Eine Ballonfahrt brachte den Durchbruch
Vor 100 Jahren entdeckte der österreichische Physiker Victor Franz Hess die kosmische Strahlung (Höhenstrahlung)

Zu Beginn des 20. Jahrhunderts begann die Wissenschaft, die elektrische Leitfähigkeit der Atmosphäre und ihre Ursachen zu studieren. Hans Geitel, Julius Elster und Charles Wilson stellten fast gleichzeitig fest, dass in geschlossenen Gefäßen selbst staubfreie Luft stets schwach leitet. Die Erkenntnis verbreitete sich, dass radioaktive Elemente der Erde die Atome und Moleküle der Luft zu ionisieren, elektrisch zu laden, vermögen. Neben anderen Forschern versuchte der deutsche Physiker und Jesuit Theodor Wulf von 1909 bis 1911, Strahlungsunterschiede in verschiedenen Höhen, unter anderem mithilfe des Eiffelturms, zu messen. Wulf stellte die kühne Hypothese auf, dass die Erde nicht der einzige Ursprung der Radioaktivität sei und aus dem Kosmos Strahlung kommen müsse. Er forderte seine Kollegen auf, mit Ballons Messungen in größerer Höhe vorzunehmen, da dies für ihn zu beschwerlich sei.

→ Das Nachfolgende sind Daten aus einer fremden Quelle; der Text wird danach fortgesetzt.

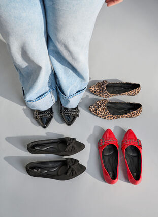 Tyylikäs ballerina, jossa on terävä kärki ja leveä remmi koristeellisilla niiteillä. Kengät on valmistettu kiiltäväpintaisesta keinonahasta ja suunniteltu leveälestisille jaloille. Pohjassa on lisätuki kaaren ja kannan kohdalla, mikä takaa optimaalisen mukavuuden koko päiväksi.
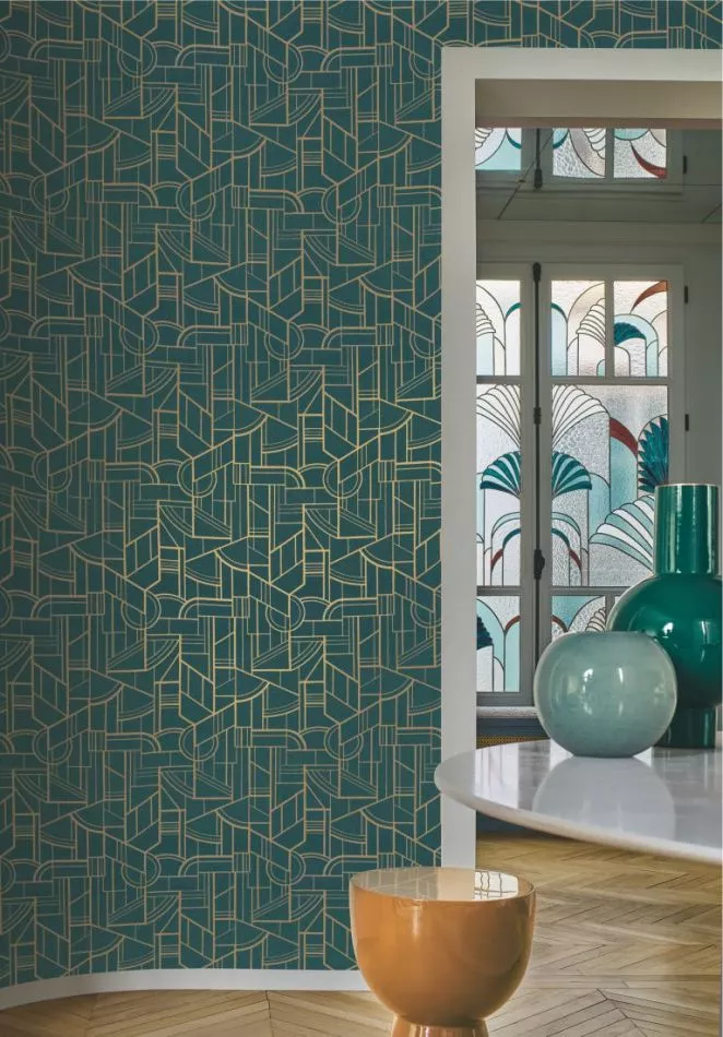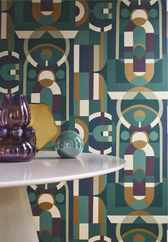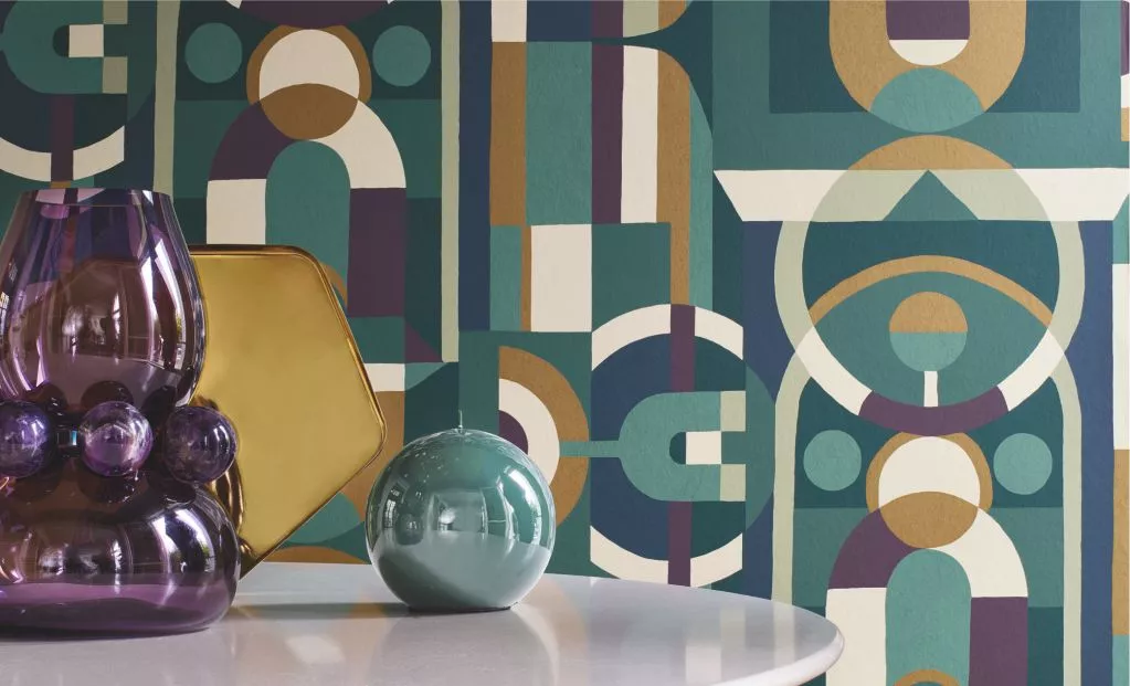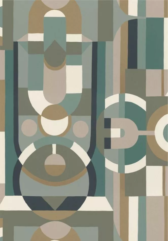 In einer Palette von tiefen Tönen zeigt sie elegante geometrische Kompositionen, die von der Architektur und den Buntglasfenstern der Dreißigerjahre beeinflusst sind.

Victor F. Hess, Assistent am Institut für Radiumforschung in Wien, erläuterte 1911 vor der Naturforscherversammlung in Karlsruhe: „Die zu geringe Abnahme der Ionisation mit der Höhe in einem geschlossenen Gefäß könnte zweierlei Ursachen haben: … erstens kann außer den radioaktiven Substanzen der Erde ein anderer, uns noch unbekannter Ionisator in der Atmosphäre wirksam sein [oder es] kann die Absorption der Gamma-Strahlen in Luft vielleicht viel langsamer erfolgen als bisher angenommen wurde.“

Am 7. August 1912 gelang ihm bei einem seiner Ballonaufstiege, der ihn von Aussig nach Pieskow führte, schließlich der Beweis für die Existenz extraterrestrischer Strahlung, indem er Messungen mit Elektrometern bis in 5300 Metern Höhe vornahm. Während auf den ersten 700 Metern die Ionisationskräfte abnahmen, stiegen diese bis zur Gipfelhöhe der Ballonfahrt immer weiter an. Hess folgerte, dass es eine aus dem Weltall kommende Strahlung geben muss.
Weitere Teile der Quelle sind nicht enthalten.